Some of the latest weapons in Big Pharma's arsenal result from that understanding. Gleevec, for instance, treats one form of leukemia by zeroing in on the Philadelphia (Ph) chromosome, that part of the genome that directs bone marrow to keep making abnormal white blood cells. Because of drugs like Gleevec and therapies such as bone-marrow and stem-cell transplants, there are 12 million people walking around today who are classified as survivors.
But cancer isn't one disease; it's dozens of them, each with different mechanisms that make the fight diabolically difficult. The most pernicious forms of cancer--among them, pancreatic, lung and brain--are still nearly invincible. Survival rates in rare forms of cancer aren't budging much, either. And the cancer arsenal is still heavy on the blunderbuss--blasting the body with harsh chemotherapy and radiation that take a huge toll on healthy as well as diseased tissue. Nor has the national health-care system done a great job of prevention and early detection. Worst of all, many people don't have access to care. Overall, the death rate from cancer dropped just 5% from 1950 to 2005, the latest available data. During the same period of time, deaths from heart disease dropped 64%.

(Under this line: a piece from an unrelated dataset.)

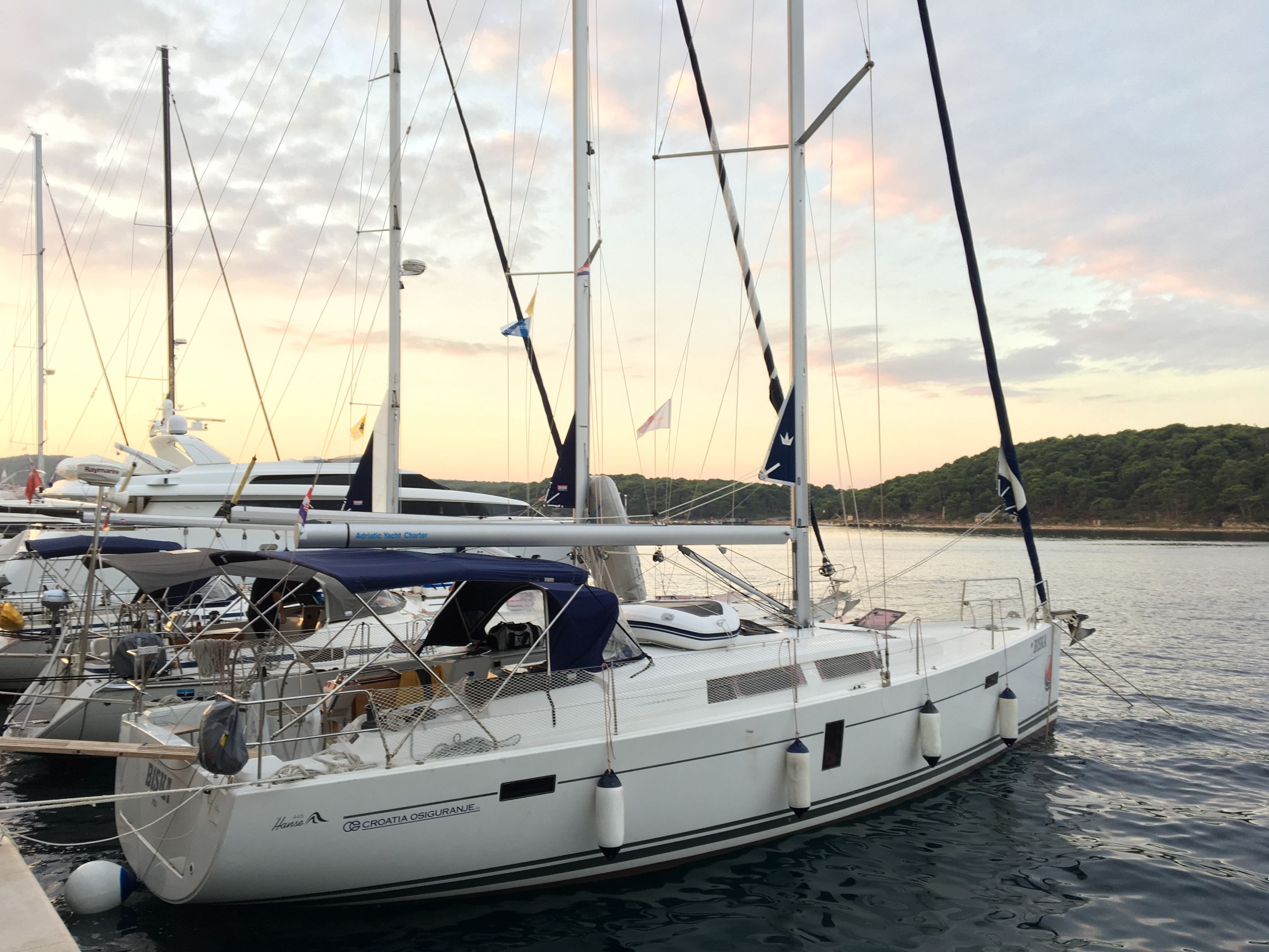 | Navigation | Barometer, Fernglas, GPS mit Kartenplotter im Cockpit, Hafenhandbücher, Handpeilkompass, Navigationsbesteck, Seekarten, Tridata (Log, Echolot, Windm.) |

The Problems with Research
It's not that cancer research funded by NIH/NCI or Big Pharma is somehow second-rate. "The last 30 or so years of concerted effort have led to a tremendously rich understanding. This is not a waste of time," says Jacks of MIT.
The long-standing criticism, though, is that NIH/NCI is necessarily structured for caution, for limited returns based on individual scientists grinding it out in their labs--the three-yards-and-a-cloud-of-dust mentality. To get funding, individual researchers typically have to write grant proposals that demonstrate a reasonable expectation of success. "You have to have already done some of the stuff and then propose it, before they're going to believe it's the right thing to do," says Dr. Ray DuBois, executive vice president of M.D. Anderson Cancer Center and a cancer researcher. A proposal can take months to write, so a rejection means the loss of a scientist's productivity as well.
It can also mean that "lesser" cancers don't get as much attention. M.D. Anderson has a project to map the entire bladder-cancer genome. "It's not something that NIH is interested in because it's a little less common than other cancers," says DuBois. Using other funds, researchers identified a gene defect that correlates smoking and bladder cancer. "If you have that defect and you smoke, there's a 100% chance you'll get cancer," says DuBois. But the hospital is more likely to get support for work on lung cancer, a much bigger problem. So call it research triage.